- STORED DATA

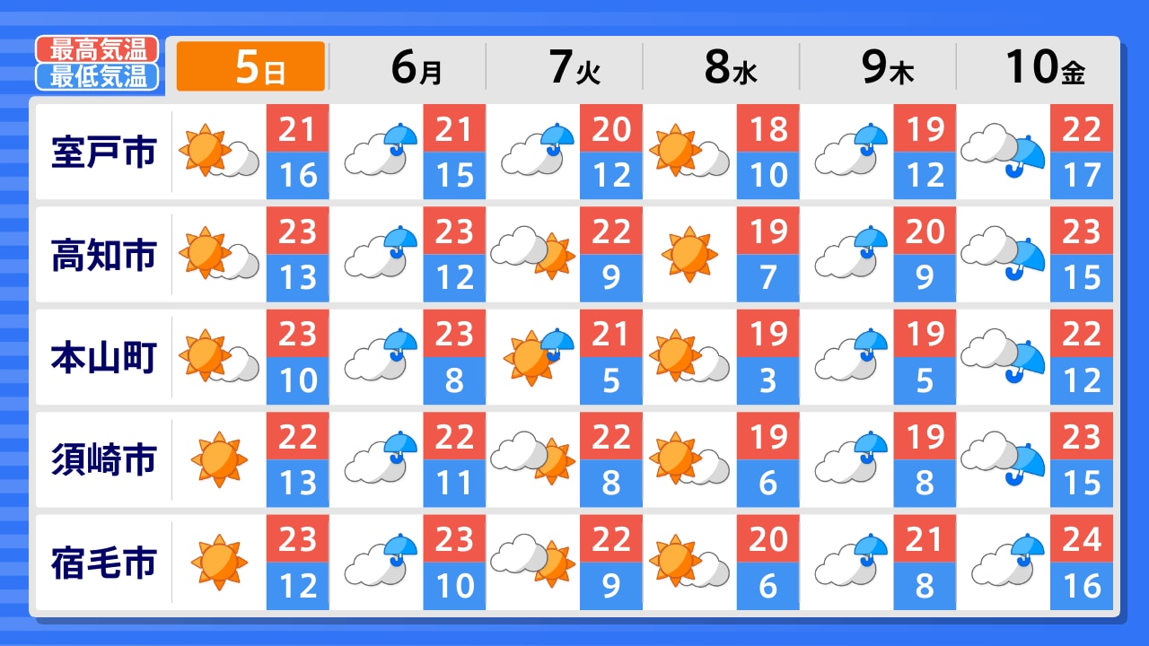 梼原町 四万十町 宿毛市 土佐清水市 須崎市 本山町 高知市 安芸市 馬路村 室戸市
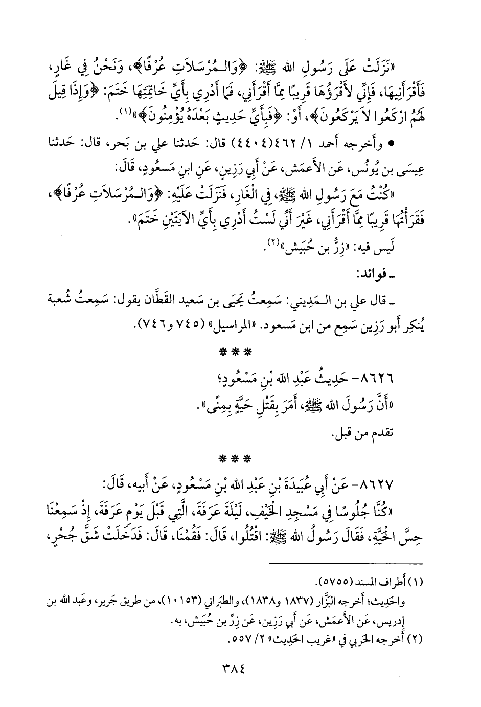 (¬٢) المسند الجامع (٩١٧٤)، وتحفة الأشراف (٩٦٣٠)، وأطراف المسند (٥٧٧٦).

==

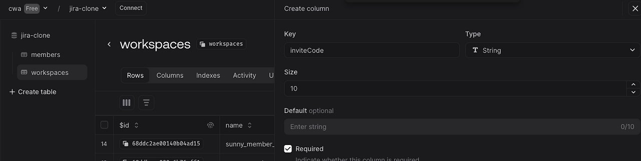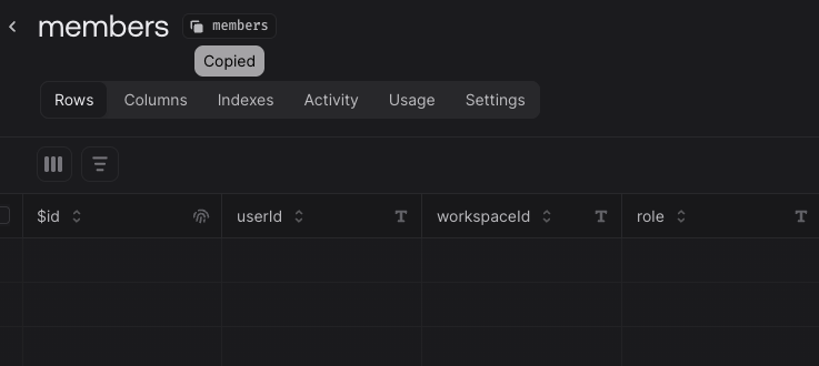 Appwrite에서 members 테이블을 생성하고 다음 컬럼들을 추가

==

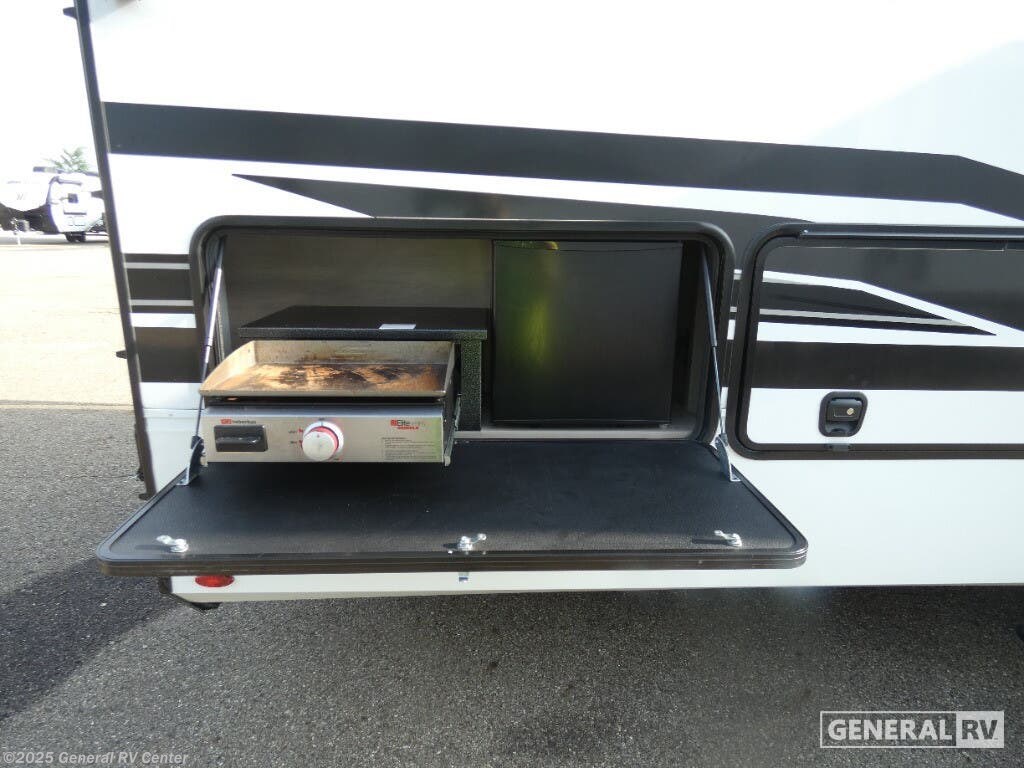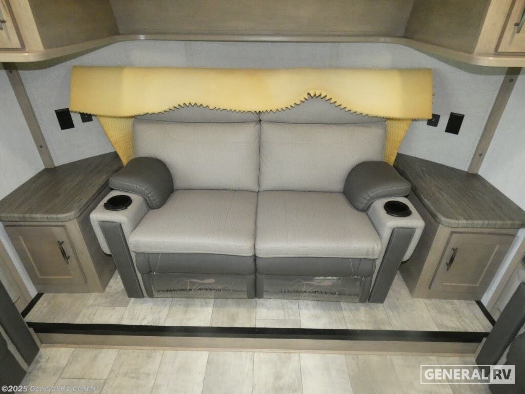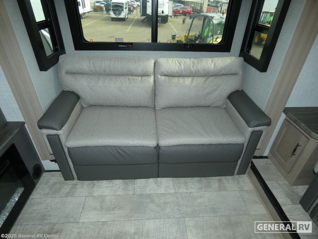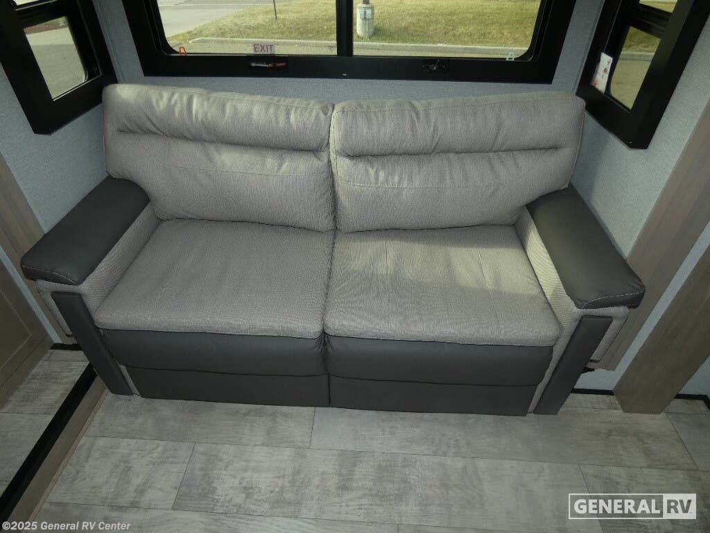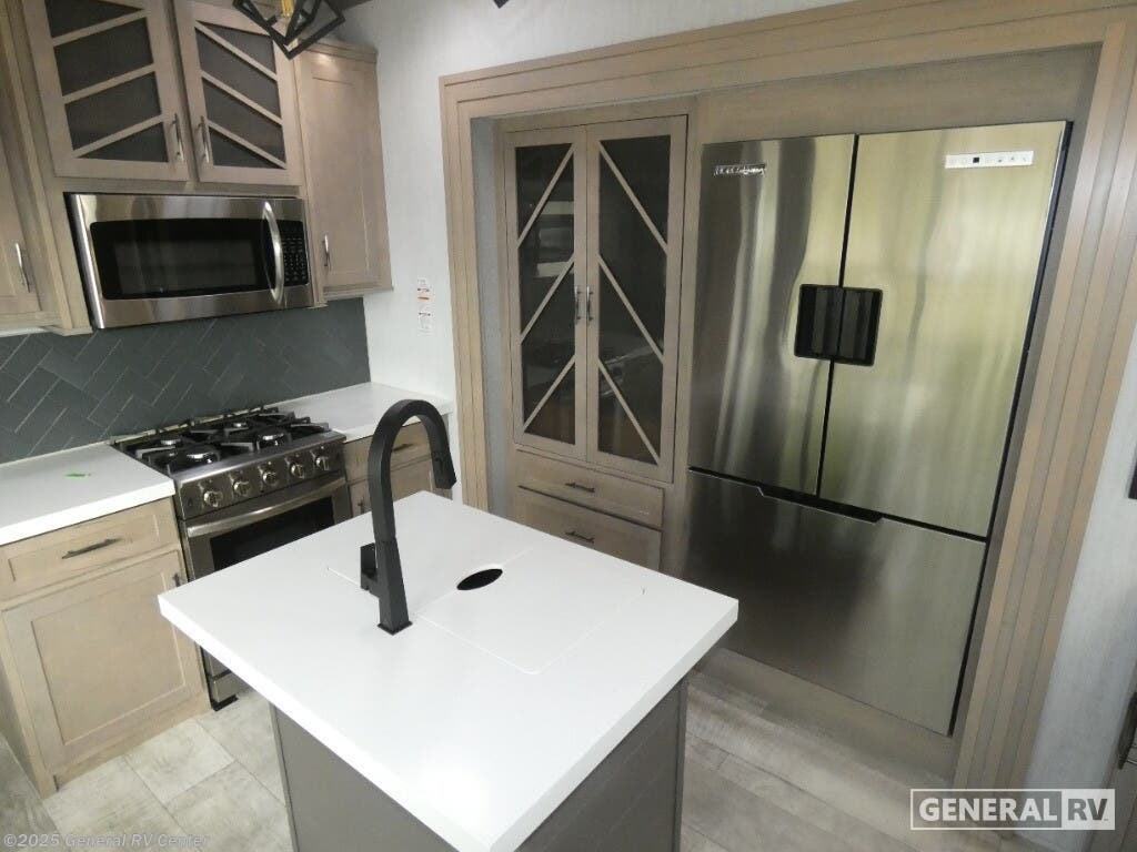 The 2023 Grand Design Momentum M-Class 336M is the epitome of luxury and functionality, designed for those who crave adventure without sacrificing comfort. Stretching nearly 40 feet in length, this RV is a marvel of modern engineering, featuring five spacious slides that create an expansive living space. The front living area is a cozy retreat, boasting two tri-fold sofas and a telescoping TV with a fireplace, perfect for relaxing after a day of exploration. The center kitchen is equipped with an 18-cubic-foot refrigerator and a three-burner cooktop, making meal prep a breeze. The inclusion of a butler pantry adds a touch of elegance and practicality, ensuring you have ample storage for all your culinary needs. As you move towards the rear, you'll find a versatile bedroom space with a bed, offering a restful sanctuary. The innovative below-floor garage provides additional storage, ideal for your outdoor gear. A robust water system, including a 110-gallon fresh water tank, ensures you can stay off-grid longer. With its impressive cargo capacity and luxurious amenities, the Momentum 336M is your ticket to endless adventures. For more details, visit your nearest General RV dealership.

- TASK OBJECTIVE
The lines to set down run from the line with "梼原町 四万十町 宿毛市 土佐清水市 須崎市 本山町 高知市 安芸市 馬路村 室戸市" up to and including the line with "(¬٢) المسند الجامع" in the entries above. Reproduce them exactly, with no pictures.

- ANSWER FOR THIS EXERCISE
 梼原町 四万十町 宿毛市 土佐清水市 須崎市 本山町 高知市 安芸市 馬路村 室戸市
 (¬٢) المسند الجامع (٩١٧٤)، وتحفة الأشراف (٩٦٣٠)، وأطراف المسند (٥٧٧٦).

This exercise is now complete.